Go to the line with "충주여성새로일하기센터에서 마련한 기업" in the entries below and write out every line from there through the line with "- ✅ 100% Light", exactly and without pictures.

:: DATA EXTRACT ::

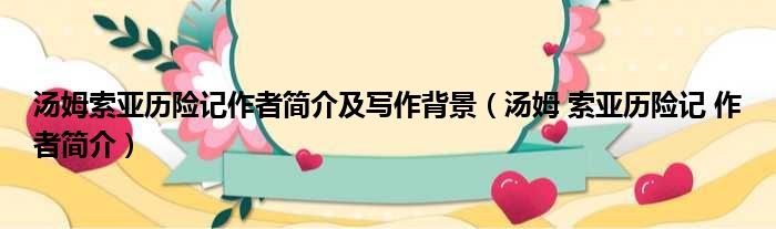 大家好,今天小六子来为大家解答以下的问题,关于汤姆索亚历险记作者简介及写作背景,汤姆 索亚历险记 作者简介这个很多人还不知道,现在让我们一起来看看吧!
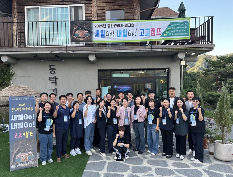 충주여성새로일하기센터에서 마련한 기업 관리자 워크숍 참석자들이 단체사진을 찍고 있다.
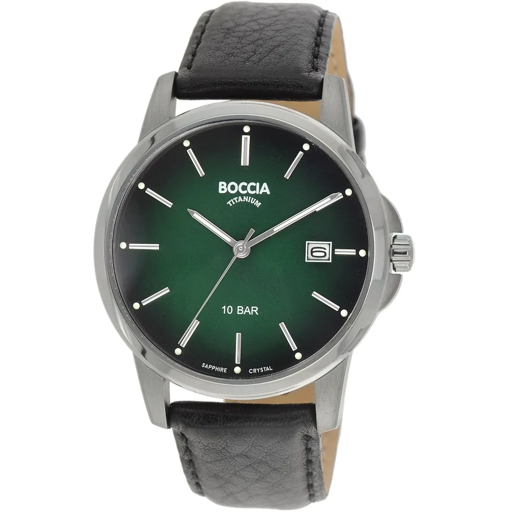 Boccia Herrenuhr Titan mit schwarzem Lederband und Saphirglas 3633-02
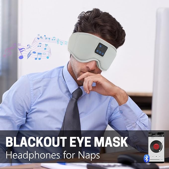 - ✅ 100% Light Blocking & Adjustable Strap: The sleep mask with Bluetooth headphones provides full blackout to help you fall asleep faster. With an adjustable elastic strap, it fits all head sizes comfortably without shifting—perfect for uninterrupted rest.
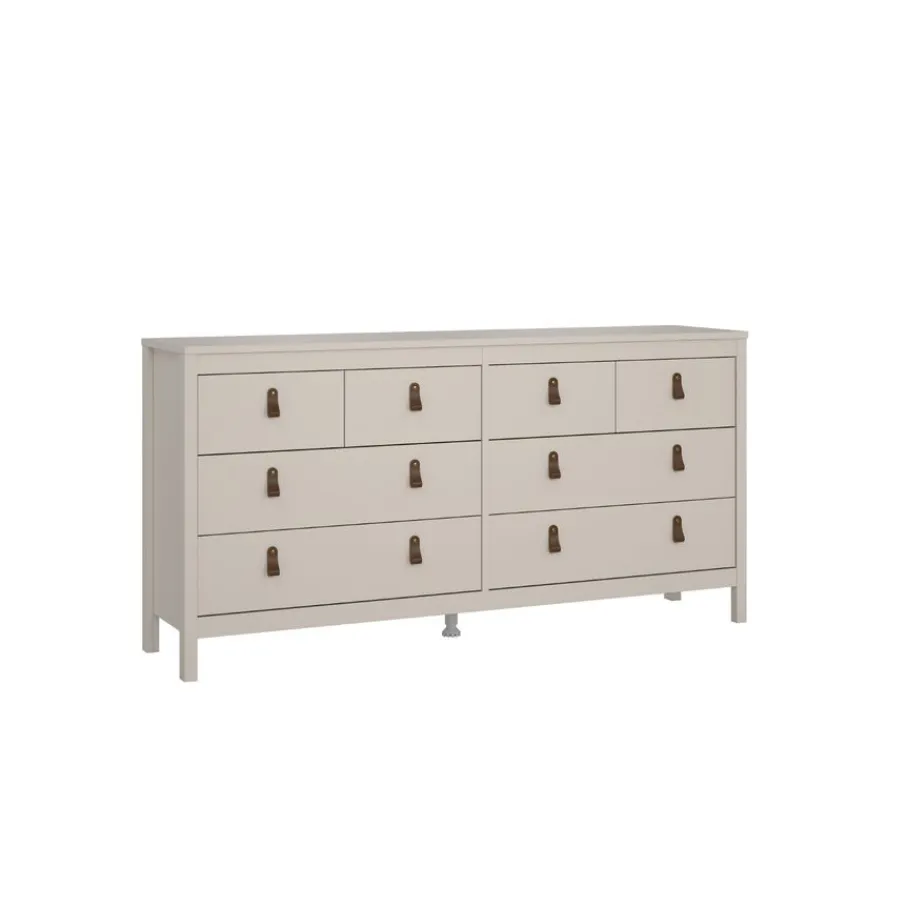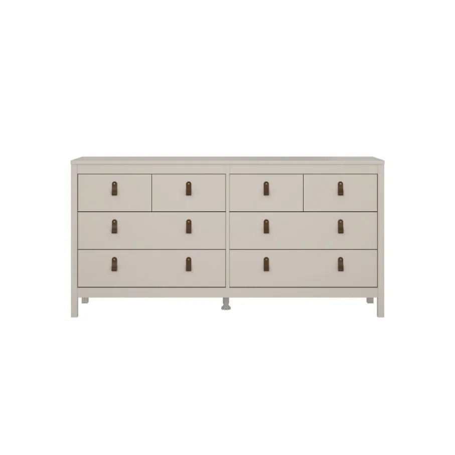 Ladekast Dallas beschikt over 8 lades en biedt daarmee veel opbergruimte. Bovenin zitten 4 smalle lades naast elkaar van 33×33 cm. Daaronder zitten 6 brede lades, in twee rijen van drie. Deze hebben elk een afmeting van 72×33 cm. Alle lades zijn ruim 12 cm diep en zo kun je lekker veel opruimen in ladekast Dallas.
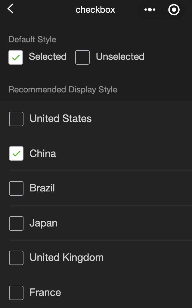 | type | string | switch | No | Style, valid values: switch, checkbox |
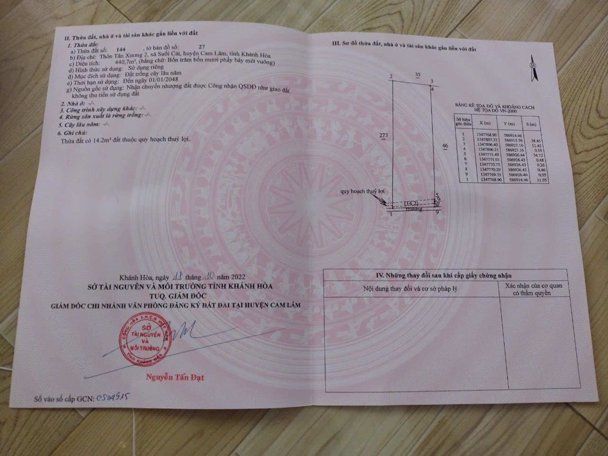 Diện tích: 3554,9m2 (có 200m thổ cư)
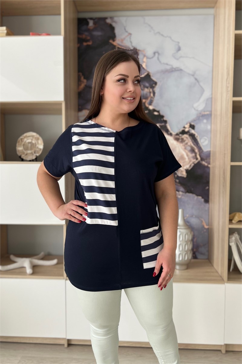Туника женская прямого силуэта с цельнокроенным коротким рукавом. На полочке вставка и накладной карман из ткани в полоску. На модели 52 размер
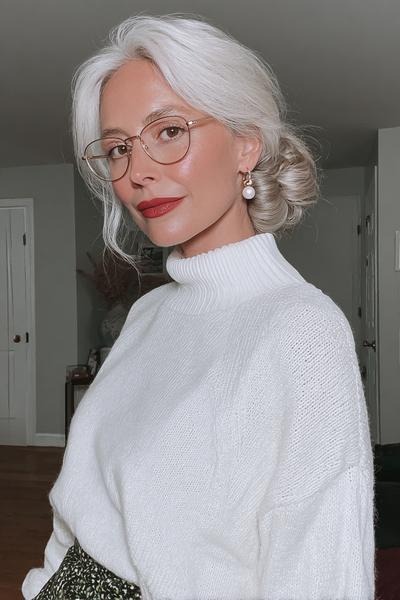 Halbhochgesteckter Silberschimmer mit Brille 50+
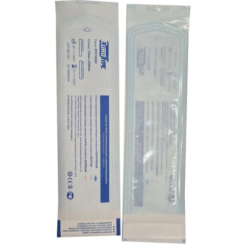 Изготовлены из прозрачной многослойной полимерной плёнки Полипропилен/Полиэстер в сочетании с бумагой медицинской высокопрочной непрозрачной плотной.
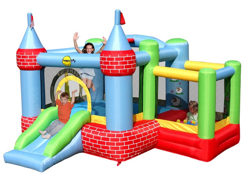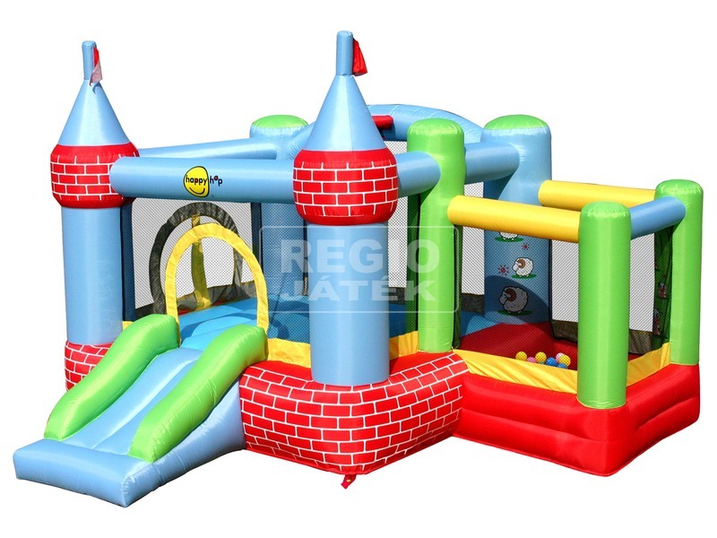 Kastély formájú ugárlóvár tornyokkal, és labda medencével! A Kastély ugrálóvár labdahálóval egy nagy méretű, erős PVC-ből készült vár, amiben több gyerek tud ugrálni, és játszani. Az ugrálóvárból csúszdán keresztül lehet kijutni, az oldalsó hálós részt kicsi labdákkal érdemes feltölteni, ami külön élményt nyújt a gyerekeknek. A kültéri Kastély ugrálóvár labdahálóval kompresszorral fújható fel, amit a készlet magában foglal. Az ugrálóvár felfújt méretei: 325 x 300 x 220 cm.
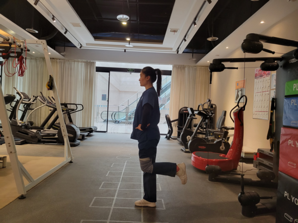 动作要点:健侧单脚支撑,保持骨盆中立位,患侧大腿保持直立位,用大腿后群肌肉将小腿勾至最大幅度,再缓慢放下回到起始位置。每组进行15-20次,每天进行3组。动作过程要注意患侧大腿始终保持垂直于地面,躯干和骨盆稳定。
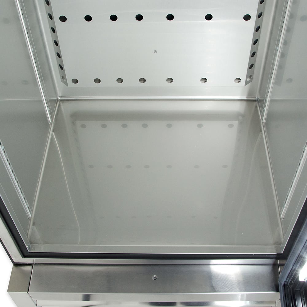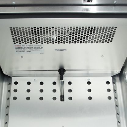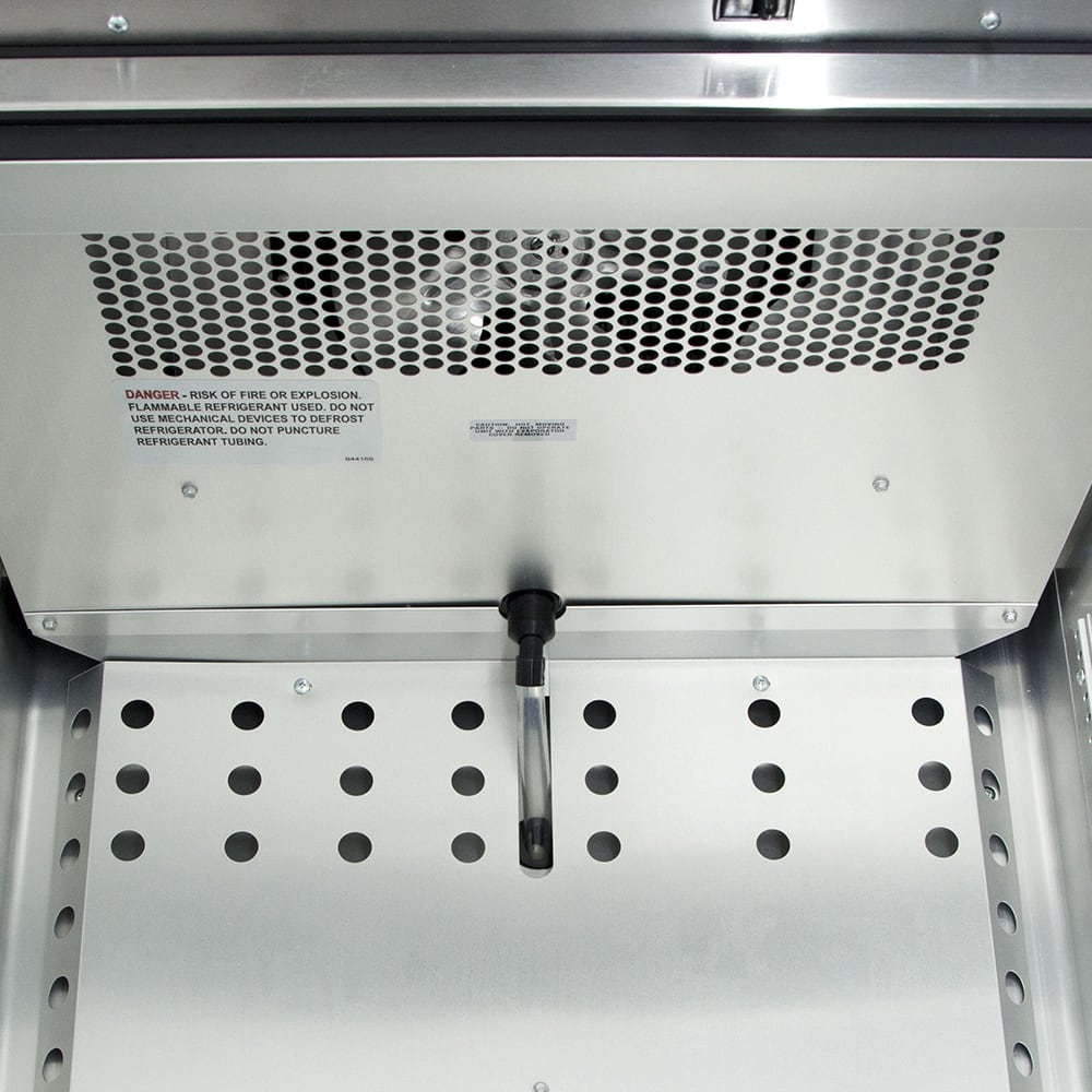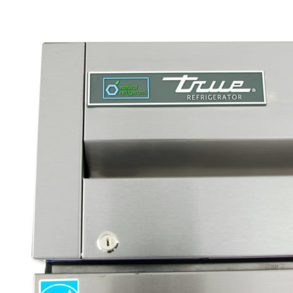 The True T-19G-HC~FGD01 reach-in refrigerator uses R290 hydrocarbon refrigerant in its capillary tube system to maintain a temperature range of 33 to 38 degrees Fahrenheit. The system uses condenser and evaporator fans to circulate a high volume of low-velocity air throughout the cabinet to keep temperatures even. Since the condensing unit is mounted on the bottom, it is easy to reach for maintenance. However, the condenser can become since it is so close to the floor.
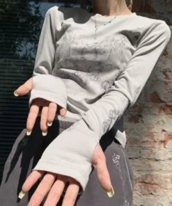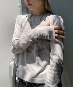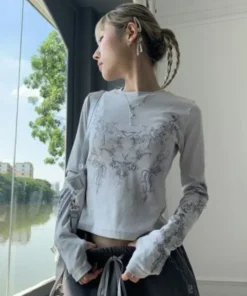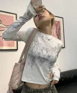 Vintage Women Clothes Y2K T-shirts 2023 Blusas O-neck Long Sleeve Print Tunic Woman Clothing Fashion Casual Crop Tops Shirts

:::

### REPLY
 충주여성새로일하기센터에서 마련한 기업 관리자 워크숍 참석자들이 단체사진을 찍고 있다.
 Boccia Herrenuhr Titan mit schwarzem Lederband und Saphirglas 3633-02
 - ✅ 100% Light Blocking & Adjustable Strap: The sleep mask with Bluetooth headphones provides full blackout to help you fall asleep faster. With an adjustable elastic strap, it fits all head sizes comfortably without shifting—perfect for uninterrupted rest.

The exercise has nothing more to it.